2.2.6. Statistical analyses. All experimental data were analyzed with Origin 8.0. Means and standard values of triplicates were calculated. SPSS 19.0 was used for statistical evaluation. The results were conducted with three-way analysis of variance (ANOVA). Significance P value was calculated to assess statistical differences between diversity variables (the strains, times, and erythromycin concentrations) and total SOD activity and LDH activity. Evaluations were based on a 5% significance level.
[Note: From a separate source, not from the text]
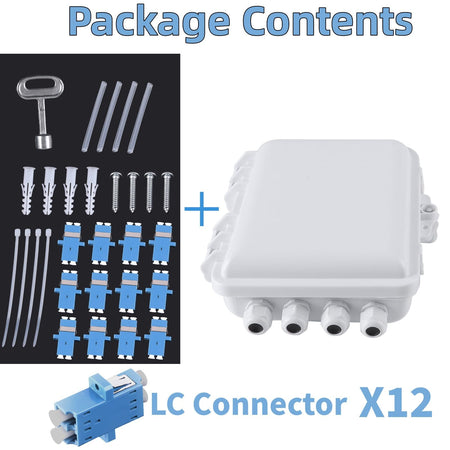 - Suitable Size: 260 * 225 * 85mm, simple structure, easy to operate; the package content includes: 1x12 12 ports FTTH optical fiber distribution box; 12x LC optical fiber plugs; installation accessories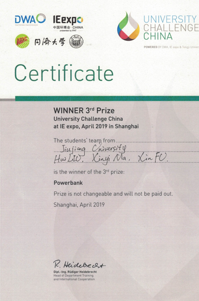 由德国水、污水和废弃物处理协会(DWA)、同济大学环境科学与工程学院和同济大学城市污染控制国家工程研究中心共同举办的第四届中国高校挑战赛于2019年4月17日在上海新国际博览中心举行。九江学院化学与环境工程学院刘辉、马昕怡和付欣三位同学在徐冰洁、黄亮和王天烽老师的指导下参加了该项比赛。来自同济大学、复旦大学、上海交通大学、华东师范大学、南京大学、武汉大学、重庆大学、东华大学、北京科技大学、上海电力大学、上海理工大学、湖北工业大学、九江学院及宜宾学院的共计14所高校的18支队伍参赛。

A P value of <0.05 was considered statistically significance.

3. Results and discussion

3.1. MICs of erythromycin on GY2B and CP13 proliferation

MIC was reported as the lowest concentration of antibiotic that inhibited 99.9% visible bacterial growth after overnight incubation.^27,28 The range of antibiotic concentrations used for determining MIC was achieved by doubling-dilution steps up and down from 1 mg L⁻¹ as required.²⁹ The MIC values of erythromycin on GY2B and CP13 were, respectively, 0.25 mg L⁻¹ (Table 1) and 16 mg L⁻¹ (Fig. 1) as measured in the E-test susceptibility experiment. Five other antibiotics were also used in susceptibility testing and the results are presented in Table 1. The MIC of GY2B (0.25 mg L⁻¹) indicated that GY2B was sensitive (susceptible, S) according to the American Society of Clinical and Laboratory Standards Institute (CLSI) guidance and standards (S ≤ 0.5 mg L⁻¹, R ≥ 8 mg L⁻¹) while the CP13 result (16 mg L⁻¹) indicated resistance (resistant, R). The results also showed that erythromycin had toxic effects on the strains at concentrations higher than the MICs.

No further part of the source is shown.